Across the aisle, the leftist Freedom and Refoundation Party (LIBRE)—the main opposition party led by former president Manuel “Mel” Zelaya—falls short from representing a viable option for ruling the country. LIBRE, which works as an umbrella organization for different groups, has been continuously torn between radical and moderate factions—though it is the former who usually makes national headlines. In the last couple of months, party deputies burned a copy of the Constitution in the middle of a congressional debate, while groups that responded to the party’s call for protests came close to setting the U.S. embassy on fire. The party’s incendiary actions sent the wrong message to the local and international community. Hondurans do not want to see the country burn; they simply want solutions for their urgent problems. Unless LIBRE can rein the pyromaniacs in its party, then it will continue to be seen as too extreme to rule the country.

In between the PN and LIBRE is the Liberal Party (PL). The PL, which was once one of the country’s strongest political parties, all-but-broke down following the 2009 coup. In the last two presidential elections of 2013 and 2017, the party received 20.3 percent and 14.7 percent of votes, respectively. Now, the party is led by the uncharismatic Luis Zelaya (no relation to Mel), a former university provost who in the eyes of the public is better known for suing his own mother over his father’s will rather than building an effective opposition to the PN. Personal issues aside, the lack of Zelaya’s coalition-building skills became manifest when in 2017 he refused to join LIBRE in a single coalition against Hernández. Instead, Zelaya opted to pursue a personal candidacy that resulted in the party’s worst electoral performance since democratization in the early 1980’s. In retrospect, the PL’s vote share could have tipped the balance in favor of Salvador Nasralla, who ran on the platform of the Alianza coalition and lost by less than 60,000 votes.

Hope for the future?

While Honduras’ political future looks grim, two features could change the situation. First, there is hope in the country’s youth. Granted, the old guard must first step down for younger ranks to eventually rise. The good news is that there is potential in figures from the opposition including Jórge Cálix, a LIBRE deputy representing Francisco Morazán (the department where Tegucigalpa, Honduras’ capital, is located); José Eduardo Martell, a former PL presidential primary candidate; and Gabriela Blen, who led the movimiento de los indignados, or the protests against corruption triggered by the embezzlement of the IHSS.

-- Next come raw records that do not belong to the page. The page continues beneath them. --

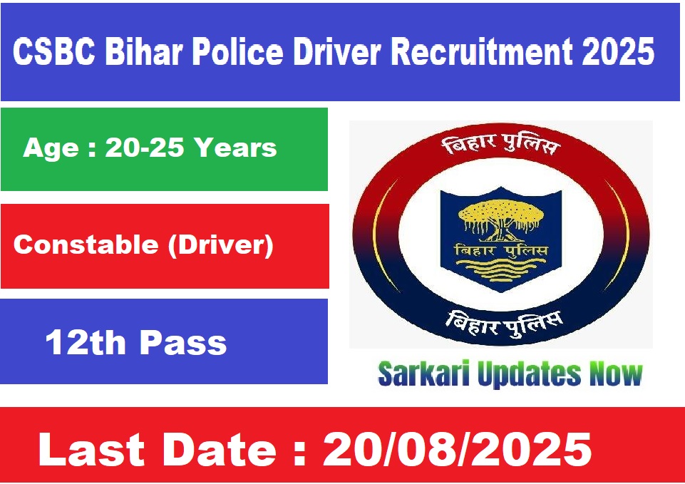 CSBC Bihar Police Driver Recruitment 2025 : Here You Can Get All The Current And Upcoming Information Related To CSBC Bihar Police Driver Recruitment 2025. Like Recruitment News, CSBC Bihar Police Driver Recruitment 2025 Total Posts, Important Dates, Application Fees, Qualification, Age Limit, CSBC Bihar Police Driver Recruitment 2025 Selection Process, Salary, Syllabus, CSBC Bihar Police Driver Recruitment 2025 Exam Pattern, Exam Date, Admit Card, Answer Key, Merit List, Result, CSBC Bihar Police Driver Recruitment 2025 Question Paper and More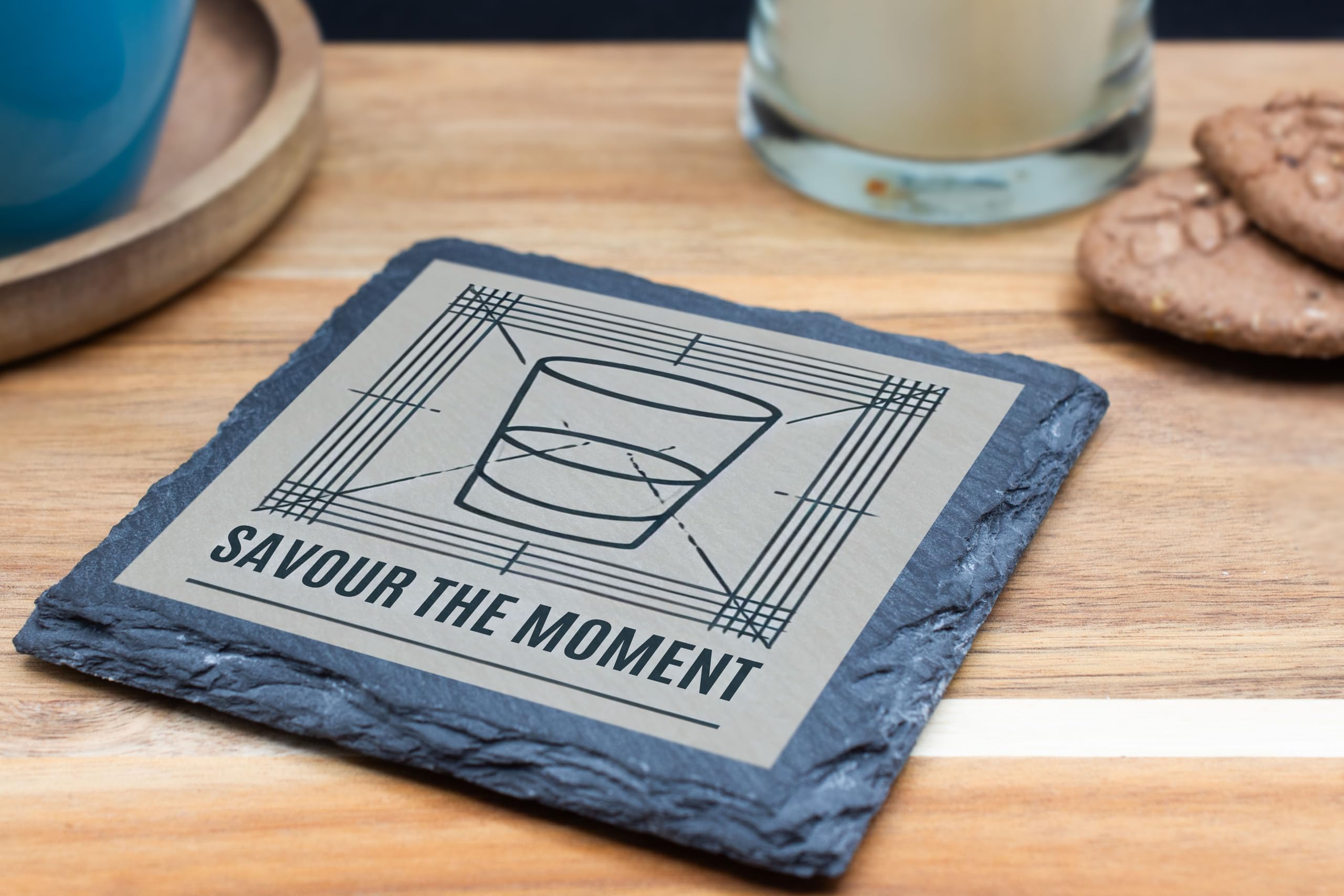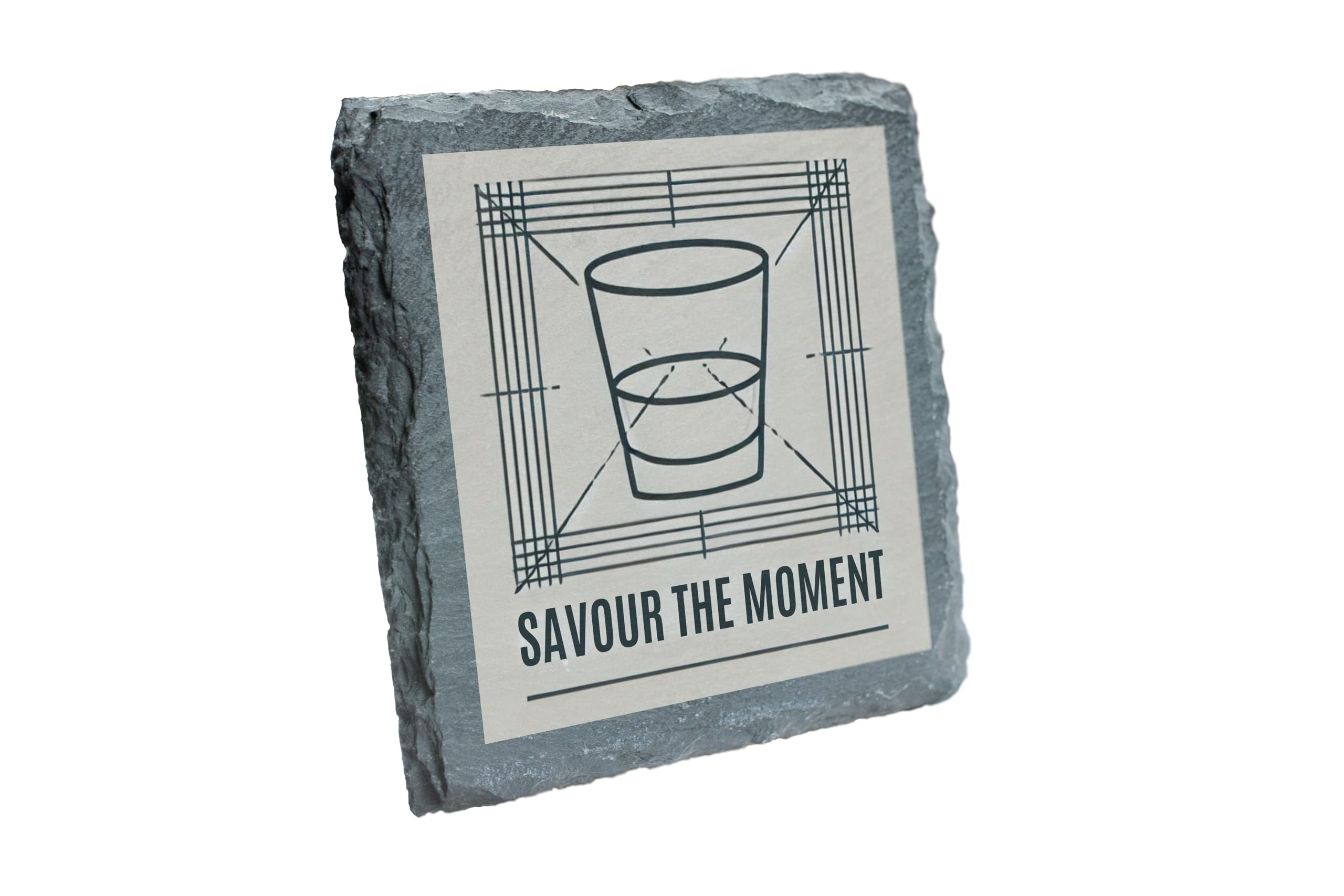 - Stylish Design: Features a sleek geometric illustration of a whiskey glass with the motivational phrase "Savour the Moment."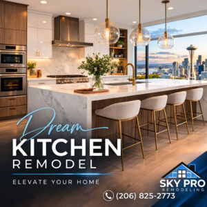 Upgrade your home with kitchen remodeling in Bellevue, WA. Sky Pro Remodeling delivers modern kitchen remodels with improved layouts, cabinetry, lighting, and finishes—customized to your style and daily needs. Contact us to schedule a consultation.

A second feature consists of coalition building between LIBRE and the PL. Honduras’ youth needs to be more pragmatic than their stubborn predecessors in reaching agreements. If both parties fail—yet again—to unite in a single front against the PN as they did in 2013 and 2017, then a fourth PN government should not be discarded. But maybe a third time will be the charm.

In the meantime, Honduras’ continuous state of crisis seems nowhere near coming to an end. With an uncompromising opposition that fails to coordinate, as well as a former and sitting president besieged by growing evidence of drug trafficking, the political landscape is filled with despair. PN opponents need to set their differences aside and prove that they are ready to rule the country. If not, then Honduras risks falling into a power vacuum that will further undermine its already weakened democracy.